#### [What the task asks]
When you copy the data, keep every line exactly as written and skip the pictures.

#### [Data extract]
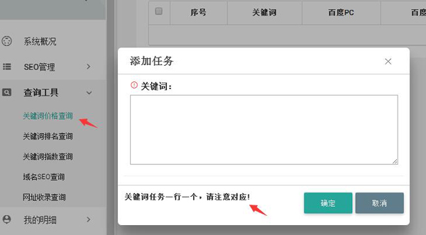 3:关键词查询功用 背景还能够运用关键词价钱查询功用,关键词排名查询等,能够查询关键词按天收费价钱,最低9.7元一天不等,起码优化时候30天。
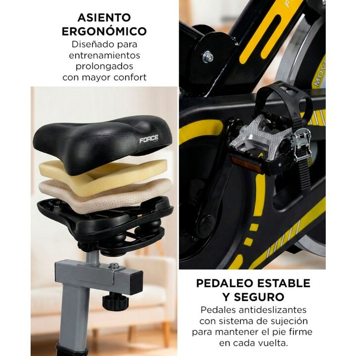 Pedaleo suave con volante de inercia de 6 kg: La bicicleta fija Force by Gadnic THG799 incorpora un volante de inercia de 6 kg que brinda una sensación de pedaleo más fluida y constante. Permite entrenamientos continuos, evitando movimientos trabados y mejorando la experiencia durante sesiones prolo...
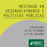 Estão abertas as inscrições para o processo seletivo do curso de Mestrado do Programa de Pós-Graduação em Desenvolvimento e Políticas Públicas (PPGDPP), oferecido na UFFS – Campus Cerro Largo, para ingresso em 2019.1.
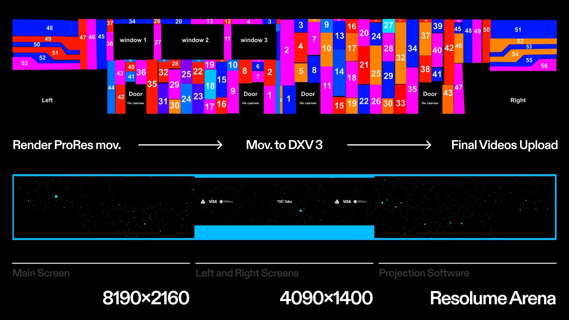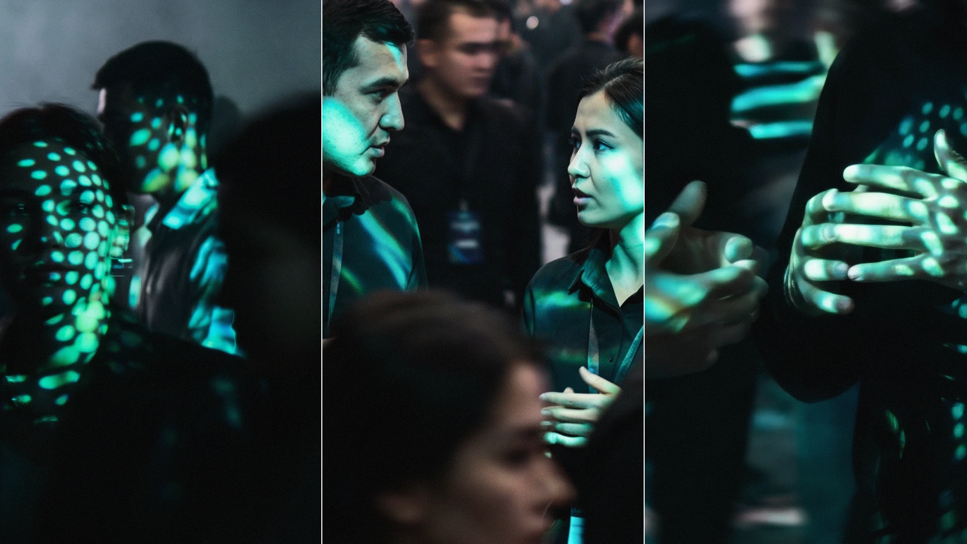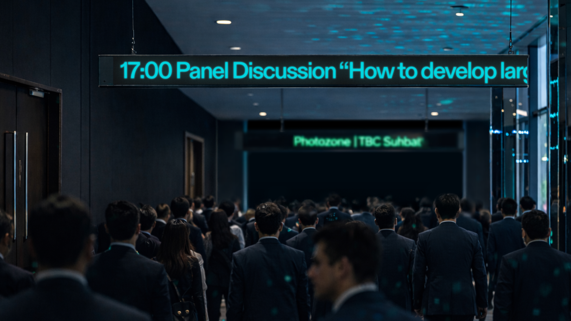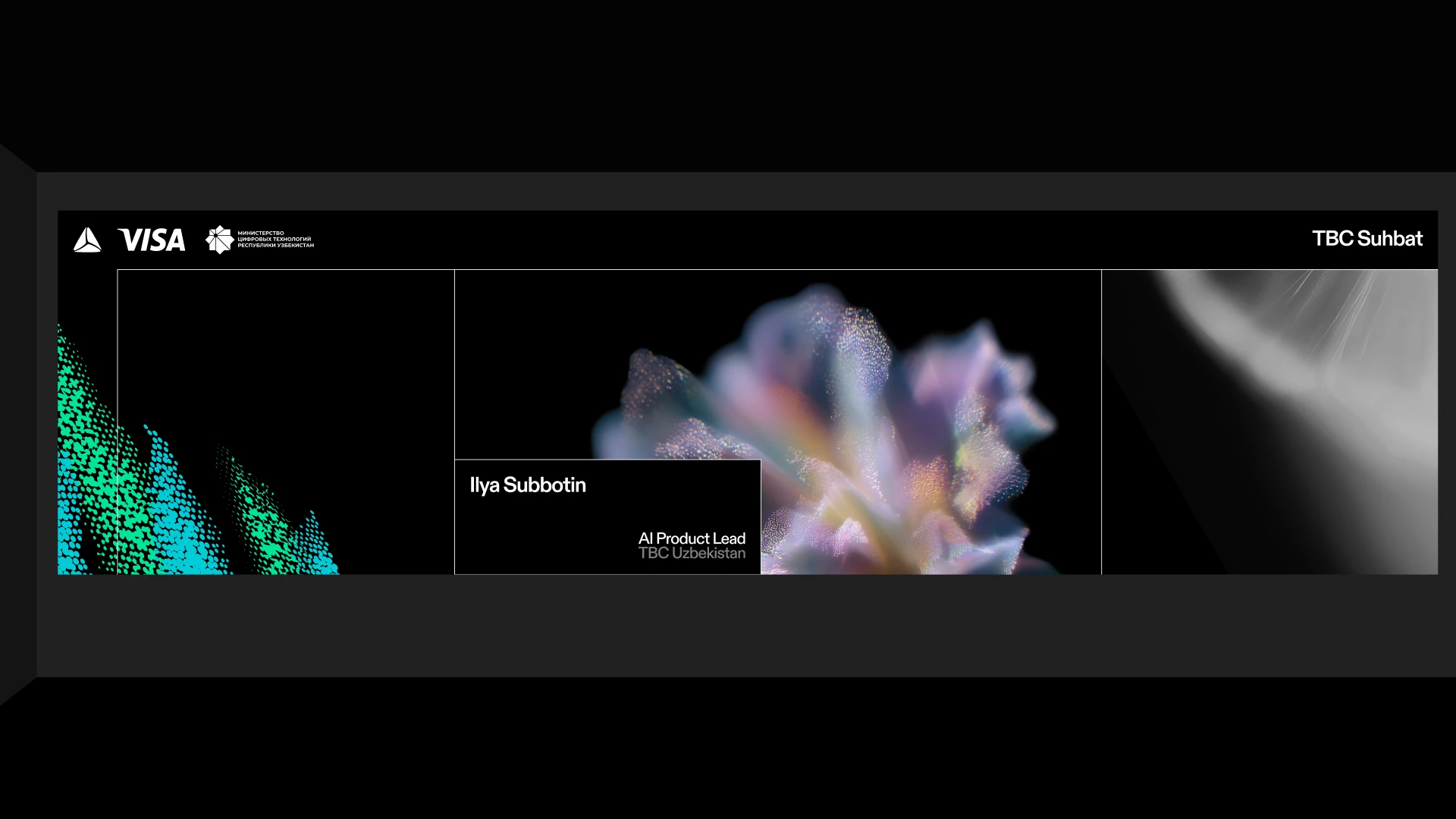 In the conference hall, large-scale screen animation and 3D mapping — developed with motion designer Ilkhom — extended the visual language onto the main stage.
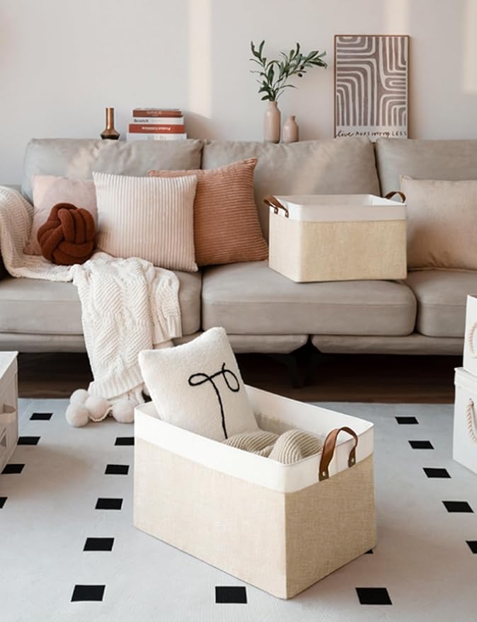 - Handle with Ease: With the 2 PU handles securely riveted to the sides of the storage bin, you can easily carry items without tearing the handles.
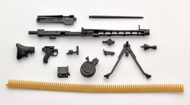 This kit reproduces the MG3's unique muzzle booster, simple anti-aircraft sight case, and magazine. The two leg parts are openable and closable. A belt link made of soft resin, which was popular with the M240G, is also included.
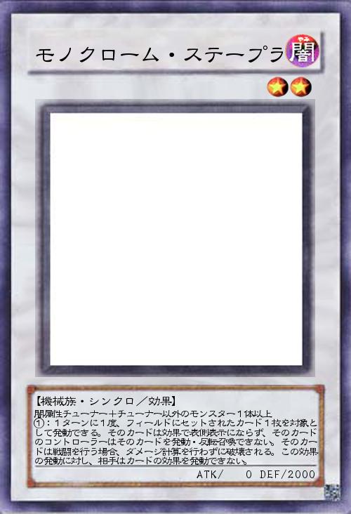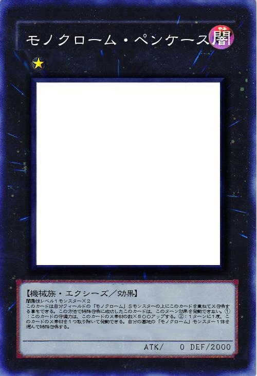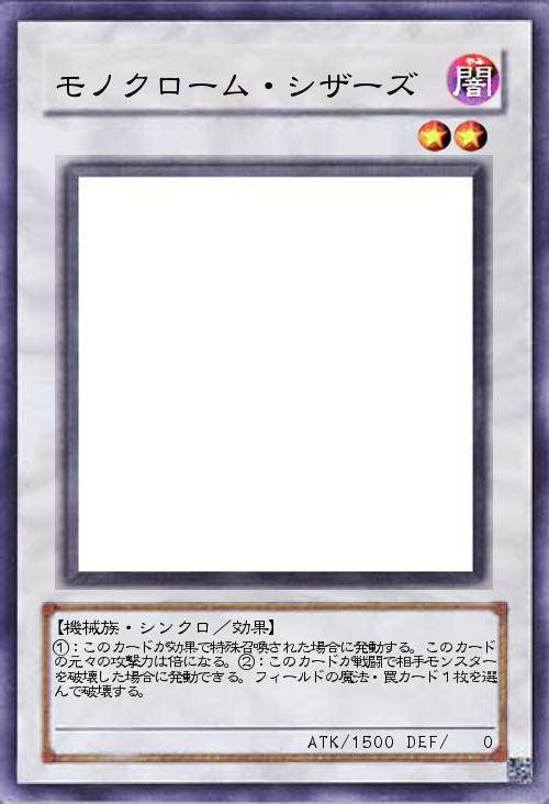 【機械族・エクシーズ/効果】 闇属性レベル1モンスター×2〇このカードは自分フィールドの「モノクローム」Sモンスターの上にこのカードを重ねてX召喚する事もできる。この方法で特殊召喚に成功したこのカードは、このターン効果を発動できない。①:このカードの守備力は、このカードのX素材の数×500アップする。②:1ターンに1度、このカードのX素材を1つ取り除いて発動できる。自分の墓地の「モノクローム」モンスター1体を選んで特殊召喚する。 |
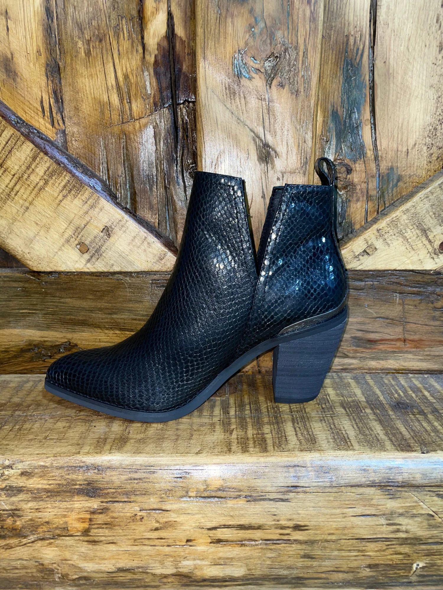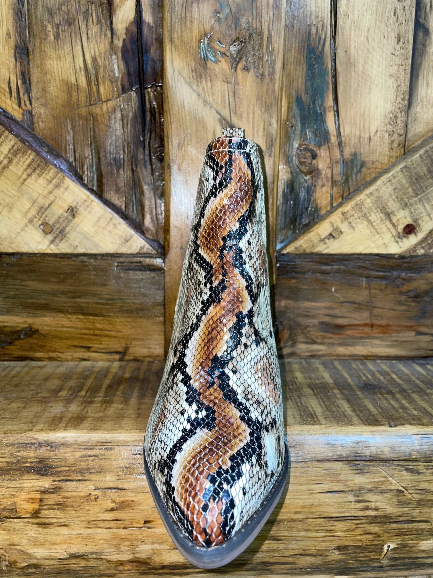 Kind of hard to sneak around in our “Snaking’ Around Booties” with the 3 1/4 inch heel but I’m sure someone can figure it out! Will you be running around the town in our new adorable faux snake print booties?
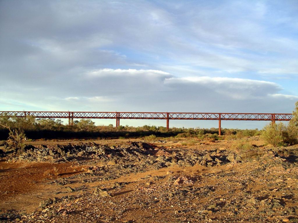 With the coming of diesel powered railway engines, the days of the Old Ghan route were numbered. A road, of sorts, had been constructed from Port Augusta to Darwin during WW2, following higher ground well to the west of the train route. That was to become the Stuart Highway. In 1980, a new rail line was opened that roughly paralleled the highway, and avoided the flood prone sections of the old railway. The Old Ghan line and its associated infrastructure, fell into disrepair; the townships that had serviced the railway, shrank to either ghost towns or small, mostly indigenous, settlements.
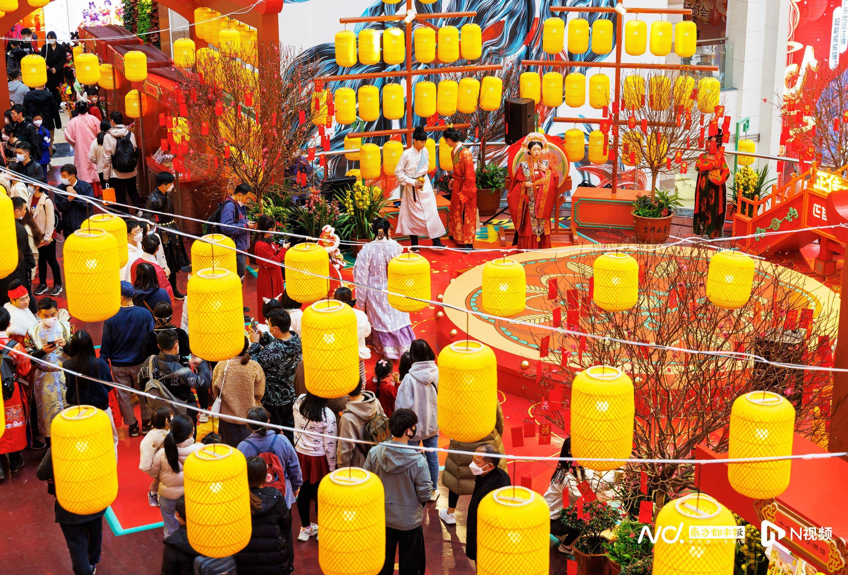 1月19日,“正佳大唐千灯会”集合国潮、诗意、浪漫、艺术等多重元素,多样丰富的活动为商超吸引大量客流。南都拍客 张业斌 摄

#### [Answer space]
 3:关键词查询功用 背景还能够运用关键词价钱查询功用,关键词排名查询等,能够查询关键词按天收费价钱,最低9.7元一天不等,起码优化时候30天。
 Pedaleo suave con volante de inercia de 6 kg: La bicicleta fija Force by Gadnic THG799 incorpora un volante de inercia de 6 kg que brinda una sensación de pedaleo más fluida y constante. Permite entrenamientos continuos, evitando movimientos trabados y mejorando la experiencia durante sesiones prolo...
 Estão abertas as inscrições para o processo seletivo do curso de Mestrado do Programa de Pós-Graduação em Desenvolvimento e Políticas Públicas (PPGDPP), oferecido na UFFS – Campus Cerro Largo, para ingresso em 2019.1.
 In the conference hall, large-scale screen animation and 3D mapping — developed with motion designer Ilkhom — extended the visual language onto the main stage.
 - Handle with Ease: With the 2 PU handles securely riveted to the sides of the storage bin, you can easily carry items without tearing the handles.
 This kit reproduces the MG3's unique muzzle booster, simple anti-aircraft sight case, and magazine. The two leg parts are openable and closable. A belt link made of soft resin, which was popular with the M240G, is also included.
 【機械族・エクシーズ/効果】 闇属性レベル1モンスター×2〇このカードは自分フィールドの「モノクローム」Sモンスターの上にこのカードを重ねてX召喚する事もできる。この方法で特殊召喚に成功したこのカードは、このターン効果を発動できない。①:このカードの守備力は、このカードのX素材の数×500アップする。②:1ターンに1度、このカードのX素材を1つ取り除いて発動できる。自分の墓地の「モノクローム」モンスター1体を選んで特殊召喚する。 |
 Kind of hard to sneak around in our “Snaking’ Around Booties” with the 3 1/4 inch heel but I’m sure someone can figure it out! Will you be running around the town in our new adorable faux snake print booties?
 With the coming of diesel powered railway engines, the days of the Old Ghan route were numbered. A road, of sorts, had been constructed from Port Augusta to Darwin during WW2, following higher ground well to the west of the train route. That was to become the Stuart Highway. In 1980, a new rail line was opened that roughly paralleled the highway, and avoided the flood prone sections of the old railway. The Old Ghan line and its associated infrastructure, fell into disrepair; the townships that had serviced the railway, shrank to either ghost towns or small, mostly indigenous, settlements.
 1月19日,“正佳大唐千灯会”集合国潮、诗意、浪漫、艺术等多重元素,多样丰富的活动为商超吸引大量客流。南都拍客 张业斌 摄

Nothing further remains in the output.